• [WHAT IS REQUIRED]
Reproduce each line of the following material exactly, omitting the images.

• [DATASET CONTENT]
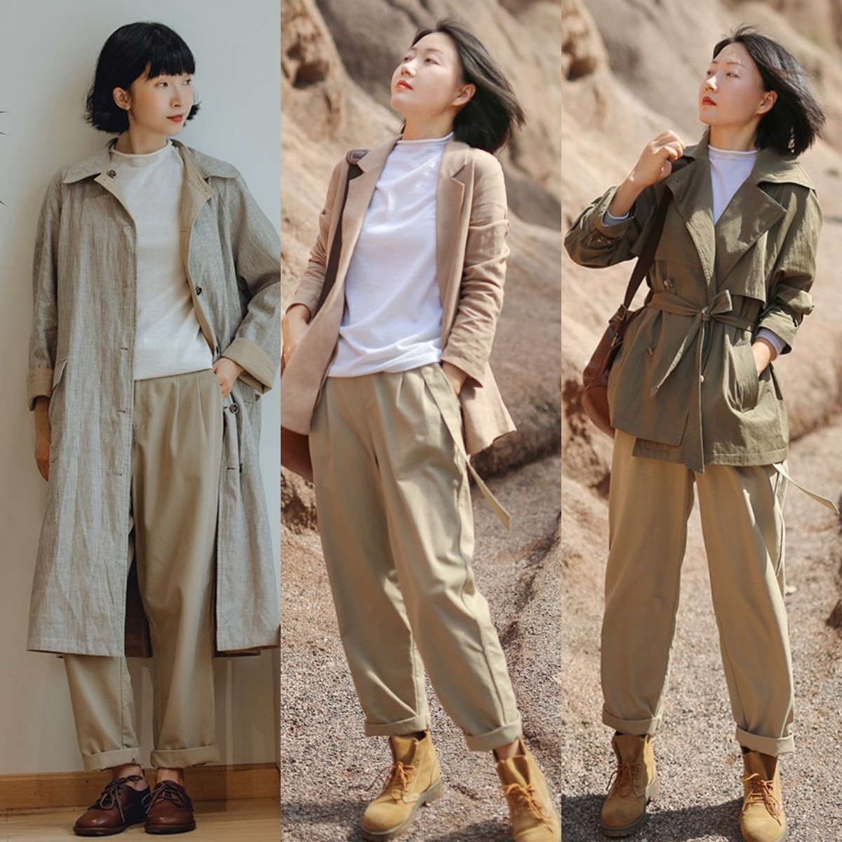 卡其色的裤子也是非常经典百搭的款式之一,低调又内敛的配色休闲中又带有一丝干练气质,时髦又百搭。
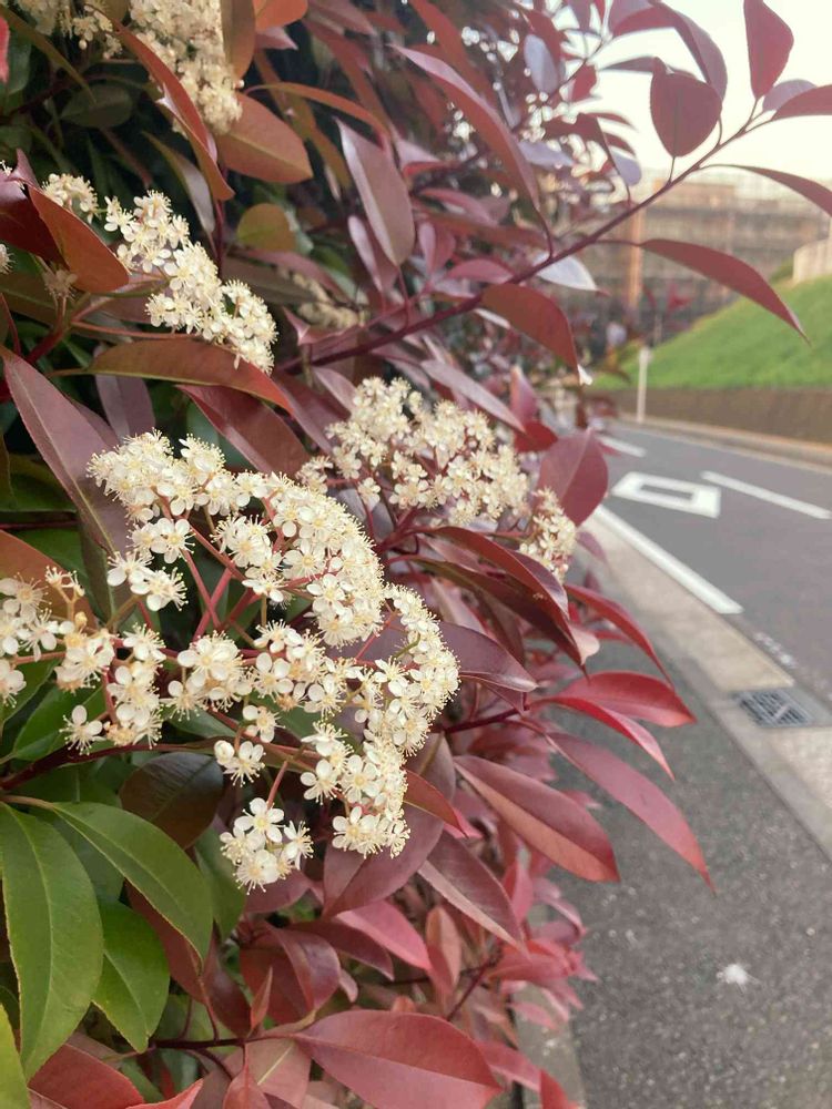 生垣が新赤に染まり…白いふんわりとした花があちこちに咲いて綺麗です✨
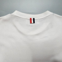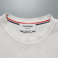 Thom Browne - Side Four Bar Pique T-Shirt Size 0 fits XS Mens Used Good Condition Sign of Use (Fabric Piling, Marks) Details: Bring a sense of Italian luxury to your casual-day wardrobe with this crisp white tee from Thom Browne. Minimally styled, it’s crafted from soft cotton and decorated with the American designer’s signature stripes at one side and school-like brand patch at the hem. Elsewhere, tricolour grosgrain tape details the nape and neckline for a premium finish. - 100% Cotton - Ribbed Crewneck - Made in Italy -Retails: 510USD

• [OUTPUT]
 卡其色的裤子也是非常经典百搭的款式之一,低调又内敛的配色休闲中又带有一丝干练气质,时髦又百搭。
 生垣が新赤に染まり…白いふんわりとした花があちこちに咲いて綺麗です✨
 Thom Browne - Side Four Bar Pique T-Shirt Size 0 fits XS Mens Used Good Condition Sign of Use (Fabric Piling, Marks) Details: Bring a sense of Italian luxury to your casual-day wardrobe with this crisp white tee from Thom Browne. Minimally styled, it’s crafted from soft cotton and decorated with the American designer’s signature stripes at one side and school-like brand patch at the hem. Elsewhere, tricolour grosgrain tape details the nape and neckline for a premium finish. - 100% Cotton - Ribbed Crewneck - Made in Italy -Retails: 510USD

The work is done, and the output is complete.